───── Data section ─────

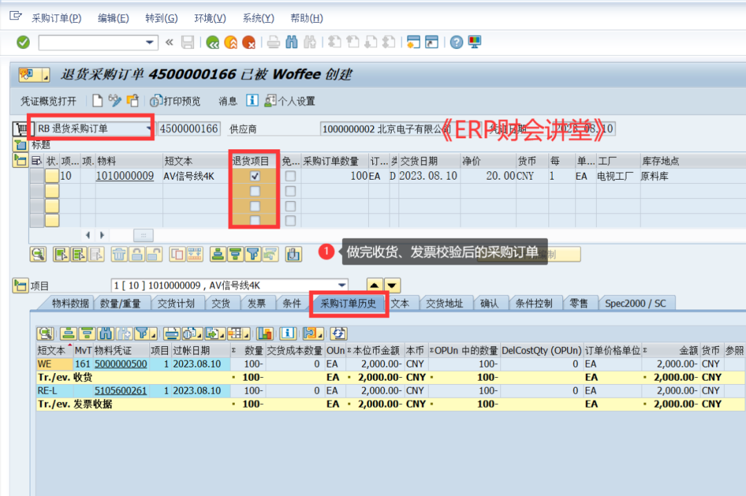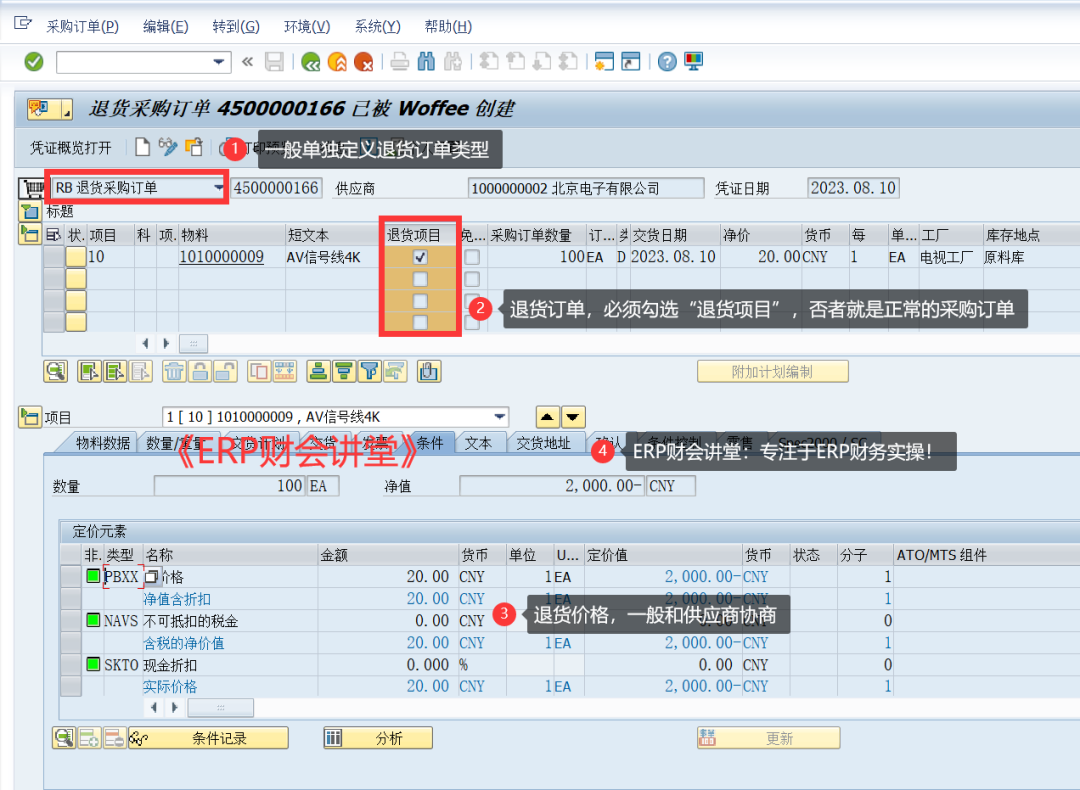 第一步,创建退货采购订单。一般情况下,企业会定义单独的订单类型,以便同正常采购订单区分。
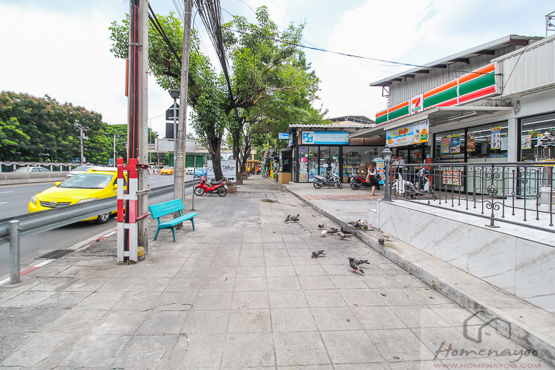 ผมจะพาเดินตามทางเท้ามุ่งหน้าไปทางถนนวิภาวดีว่ามีอะไรบ้าง ติดกับรั้วโครงการเป็นธนาคารไทยพาณิชย์
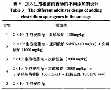 因肉毒梭菌毒副作用比較大,不宜試驗(yàn)室科學(xué)研究,因而,以肉毒梭菌的科學(xué)研究取代菌生孢梭菌來進(jìn)行科學(xué)研究。為了更好地科學(xué)研究亞硝酸鈉和次磷酸鈉對(duì)臘腸中添加的生孢梭菌的調(diào)節(jié)狀況,特制定了五組臘腸中一起添加生孢梭菌和添加劑(亞硝酸鈉和次磷酸鈉),在25℃下儲(chǔ)放,檢驗(yàn)臘腸中生孢梭菌生長發(fā)育情況,方案設(shè)計(jì)見表3,此表只適用硝酸鈉和次磷酸鈉抑止內(nèi)毒素剖析。
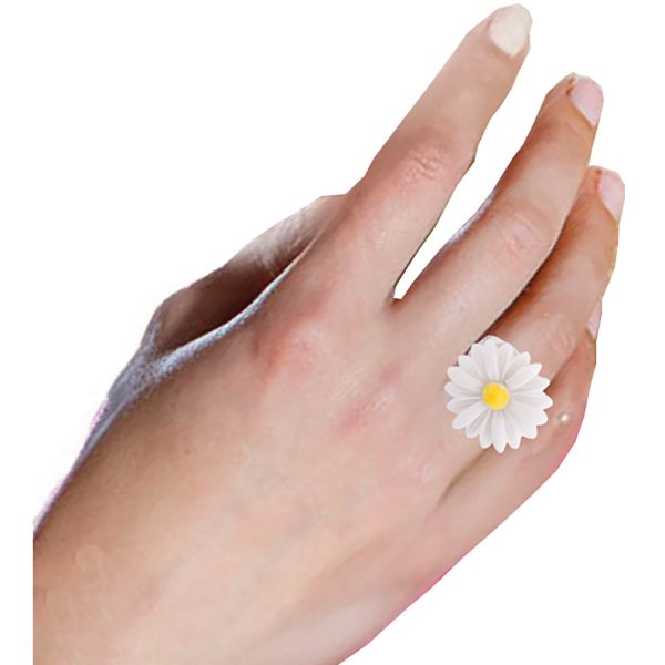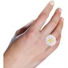 Blumen Margeriten Ring mit Gänseblümchen Blüten an silbernem Ring weiß-gelb
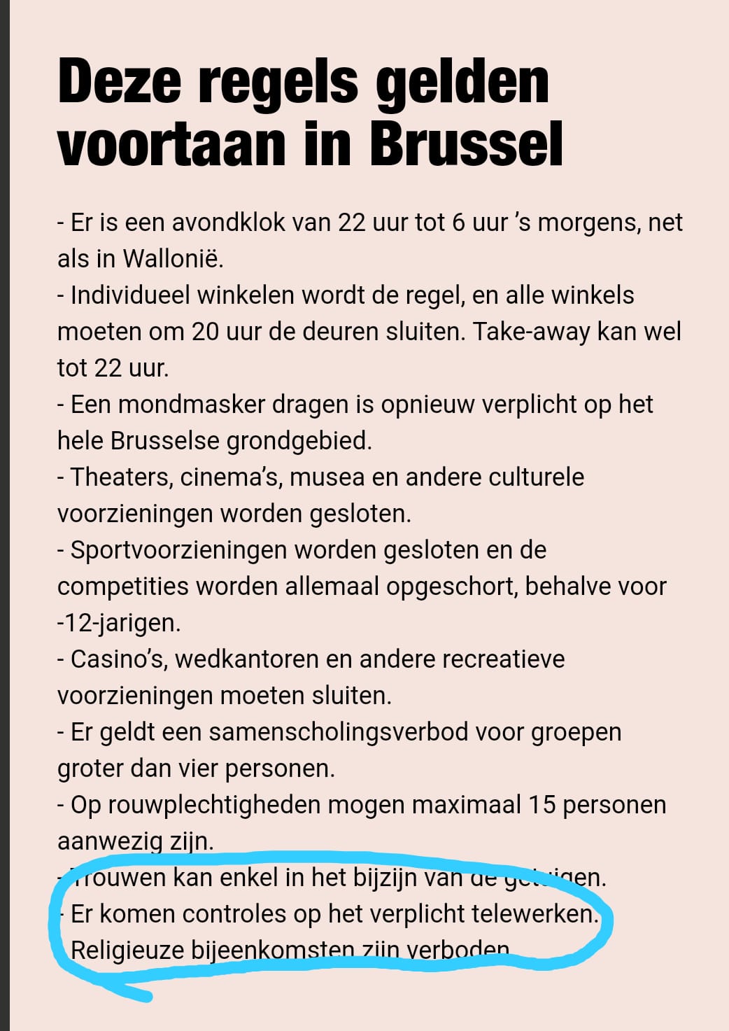 Deze tweet blijft van toepassing wat betreft het grondgebied buiten het Brussels gewest.satsurfer schreef:tweet van voor het overlegcomité van 22/10
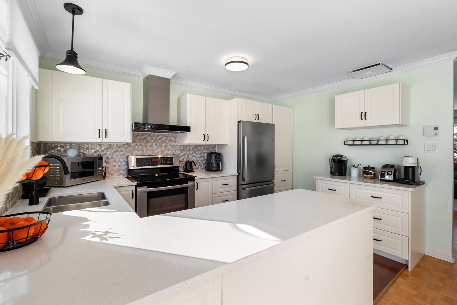 La cuisine fonctionnelle, dotée de beaucoup de rangement,
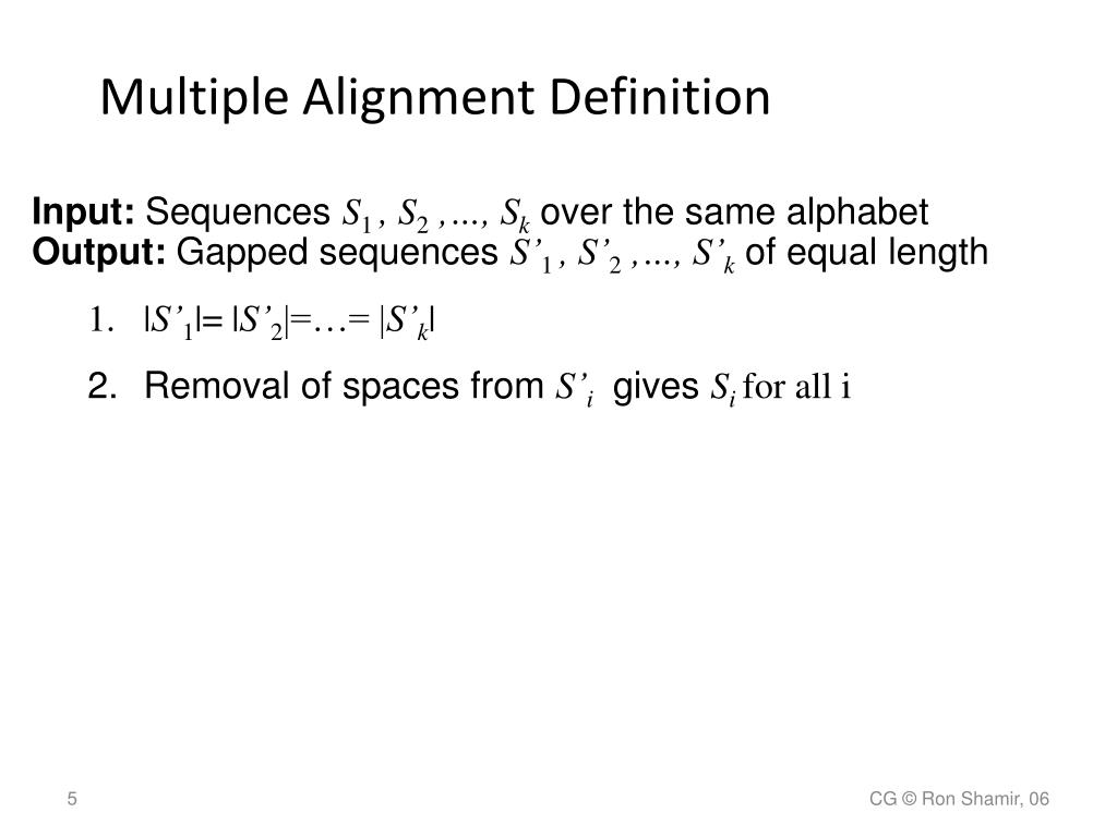 Multiple Alignment Definition Input: Sequences S1, S2,…, Sk over the same alphabet Output: Gapped sequences S’1, S’2,…, S’k of equal length • |S’1|= |S’2|=…= |S’k| • Removal of spaces from S’igives Si for all i
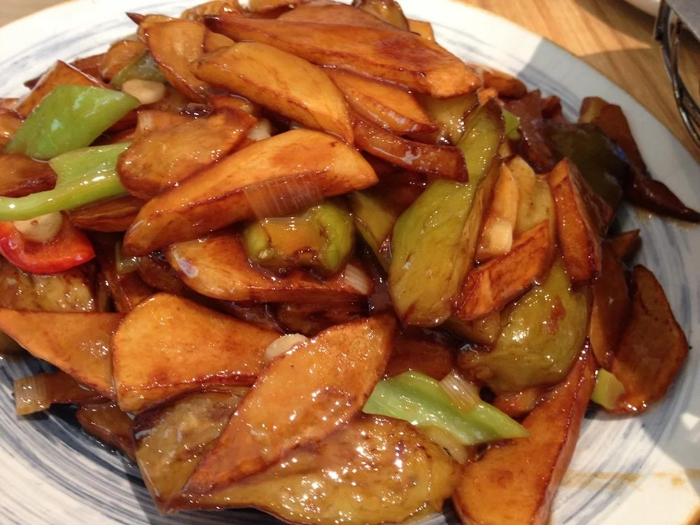 This is a great vegetarian classic from Dongbei, literally translating to 'Earth Three Fresh". As in, three fresh vegetables from the earth, if you couldn't connect the dots. Toss some potatoes, green peppers, and eggplant (aubergine) into a wok and you've got something fried and delicious that perfectly compliments your guo bao rou. As with most things in Dongbei, a shitload of garlic makes this one work nicely.
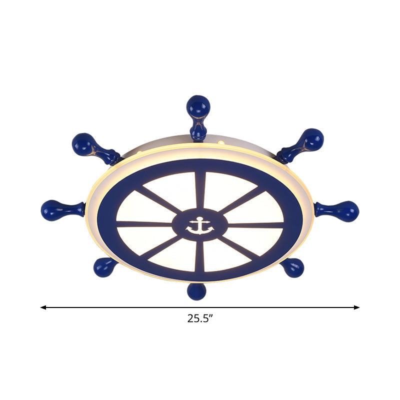 This 21.5" -25.5" wide Rudder LED ceiling light is perfect for a kids room. The fixture comes in a blue color and has a white warm color temperature. The light is an LED which is a more efficient and longer lasting type of light than traditional bulbs.
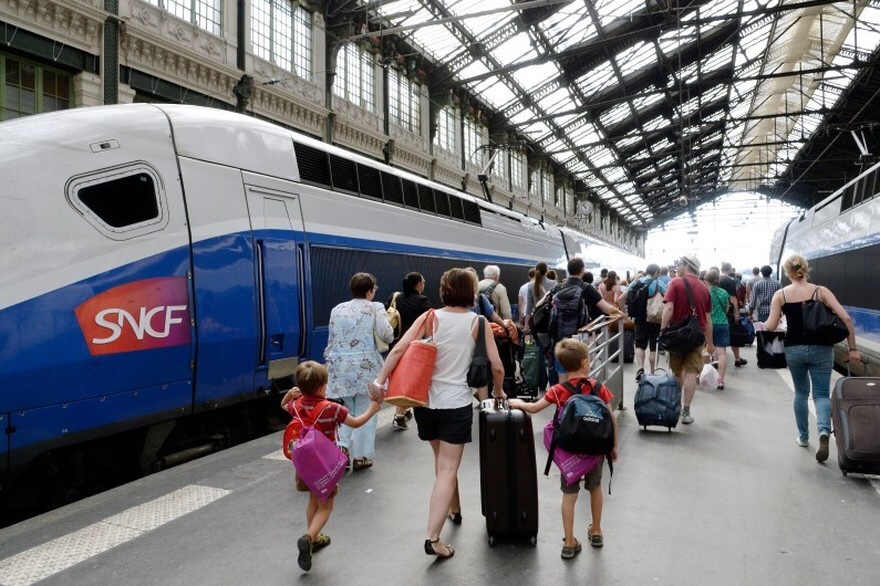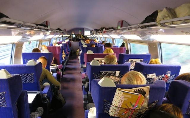 In the train everyone is looking for their seats and stowing their luggage. The atmosphere is febrile. Then the doors close, the train glides out of the station, calm descends.

─────

• What is being asked: Print exactly the lines above that run from the one with "This is a great" down to the one with "than traditional bulbs.", and omit the pictures.

• Expected answer:
 This is a great vegetarian classic from Dongbei, literally translating to 'Earth Three Fresh". As in, three fresh vegetables from the earth, if you couldn't connect the dots. Toss some potatoes, green peppers, and eggplant (aubergine) into a wok and you've got something fried and delicious that perfectly compliments your guo bao rou. As with most things in Dongbei, a shitload of garlic makes this one work nicely.
 This 21.5" -25.5" wide Rudder LED ceiling light is perfect for a kids room. The fixture comes in a blue color and has a white warm color temperature. The light is an LED which is a more efficient and longer lasting type of light than traditional bulbs.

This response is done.